These are the exact errors that cost students marks in board exams. Read them once, save yourself the trouble.

WATCH OUT
Writing (a+b)² = a² + b²
You must include the middle term: (a+b)² = a² + 2ab + b². Forgetting 2ab is the single most common error.
WATCH OUT
Mixing the signs in a³ − b³
a³ − b³ = (a − b)(a² + ab + b²): the quadratic factor has a PLUS ab. (For a³ + b³ it is − ab.)
WATCH OUT
Factorising a² + b² as (a+b)(a−b)
Only the DIFFERENCE of squares factorises over the reals: a² − b² = (a+b)(a−b). a² + b² does not factorise (over reals).
WATCH OUT
Dropping cross-terms in (a+b+c)²
There are three cross terms: +2ab +2bc +2ca. Don't forget the 2ca.
WATCH OUT
Using an identity with mismatched substitution
Identify a and b clearly (e.g. for 9x², a = 3x) and substitute consistently everywhere.

Practice problems

Try each one yourself before tapping "Show solution". Active recall > rereading.

Q1EASY· Expand
Expand (x + 5)².
Show solution
Step 1 — (a+b)² with a = x, b = 5. Step 2 — x² + 2(x)(5) + 25 = x² + 10x + 25. ✦ Answer: x² + 10x + 25.
Q2EASY· Difference of squares
Factorise x² − 49.
Show solution
Step 1 — a² − b² with a = x, b = 7. Step 2 — (x + 7)(x − 7). ✦ Answer: (x + 7)(x − 7).
Q3EASY· Clever product
Use an identity to find 102 × 98.
Show solution
Step 1 — (100 + 2)(100 − 2) = 100² − 2². Step 2 — 10000 − 4 = 9996. ✦ Answer: 9996.
Q4MEDIUM· Expand
Expand (3a − 2b)².
Show solution
Step 1 — (a−b)² with a = 3a, b = 2b.

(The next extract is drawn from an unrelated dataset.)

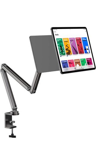 Supporto pieghevole magnetico per iPad. - Design in metallo grigio. - Braccio articolato per posizionamento flessibile. - Base a morsetto per fissaggio sicuro.

Step 2 — (3a)² − 2(3a)(2b) + (2b)² = 9a² − 12ab + 4b². ✦ Answer: 9a² − 12ab + 4b².
Q5MEDIUM· Rearrange
If a + b = 10 and ab = 21, find a² + b².
Show solution
Step 1 — a² + b² = (a+b)² − 2ab. Step 2 — = 10² − 2(21) = 100 − 42 = 58. ✦ Answer: 58.
Q6MEDIUM· Cubes
Factorise 27x³ + 1.
Show solution
Step 1 — a³ + b³ with a = 3x, b = 1. Step 2 — (3x + 1)((3x)² − (3x)(1) + 1²) = (3x + 1)(9x² − 3x + 1). ✦ Answer: (3x + 1)(9x² − 3x + 1).
Q7HARD· Three-term
Expand (x + 2y + 3z)².
Show solution
Step 1 — (a+b+c)² = a²+b²+c²+2ab+2bc+2ca with a=x, b=2y, c=3z. Step 2 — x² + 4y² + 9z² + 2(x)(2y) + 2(2y)(3z) + 2(3z)(x). Step 3 — x² + 4y² + 9z² + 4xy + 12yz + 6zx. ✦ Answer: x² + 4y² + 9z² + 4xy + 12yz + 6zx.
Q8HARD· Three-cube
Evaluate 8³ + (−5)³ + (−3)³ using an identity.
Show solution
Step 1 — here a + b + c = 8 + (−5) + (−3) = 0. Step 2 — when a + b + c = 0, a³ + b³ + c³ = 3abc. Step 3 — 3abc = 3 × 8 × (−5) × (−3) = 360. ✦ Answer: 360.

5-minute revision

The whole chapter, distilled. Read this the night before the exam.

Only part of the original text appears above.